Can this even be called a theory in the proper sense of the word? I have a hard tme wth this, especially the notion that anyone believes it whereas I have yet to see a single shred of fact or evidence backing it up. Is there ANYTHING to this "theory"?
It only becomes a theory if you think you can get some measurable consequences out of it, which doesn't seem to be the case.
In any event, nobody really takes many-worlds seriously any more, much as nobody really takes the idea that Schrodinger's Cat is really in a macroscopic superposition of states seriously any more. (And for similar reasons: The wavefunction collapses into some definite state as soon as it makes any possibly discernible macroscopic difference. In the case of the cat, the detector counts as an observer so the atom never gets to be in a superposition of states in the first place.)

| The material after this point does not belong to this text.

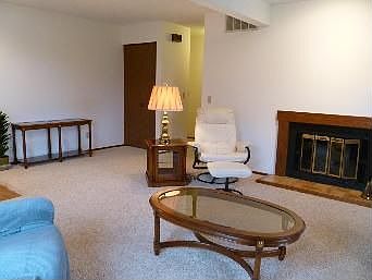 Enjoy lakefront living with views of the water from most rooms of this end-unit 2 bedroom, first floor condo on Lake Devonshire. Wood burning fireplace in the nicely sized living room. Unique bathroom plan allows access to the full bath from the hallway, or via the master bedroom through the half bath. All kitchen appliances. Freshly painted. Built-in shelves in attached one-car garage for excellent storage. Covered patio. Central Champaign location. Condo fee covers lawn care, snow removal, trash, and exterior maintenance.

Quote from: tnu on December 02, 2014, 12:48:13 PM
Can this even be called a theory in the proper sense of the word? I have a hard tme wth this, especially the notion that anyone believes it whereas I have yet to see a single shred of fact or evidence backing it up. Is there ANYTHING to this "theory"?
Here's an excellent argument for it: http://lesswrong.com/lw/q8/many_worlds_one_best_guess/
There's also a follow-up: http://lesswrong.com/lw/qz/living_in_many_worlds/
Quote from: evensgrey on December 02, 2014, 02:16:12 PMIn any event, nobody really takes many-worlds seriously any more,
Bullshit. In fact, none other than Sean Carroll has said that it's "probably correct." http://www.preposterousuniverse.com/blog/2014/06/30/why-the-many-worlds-formulation-of-quantum-mechanics-is-probably-correct/
well, the ancients believed in a parallel world called "3abqar", inhabited by invisible beings made of pure energy.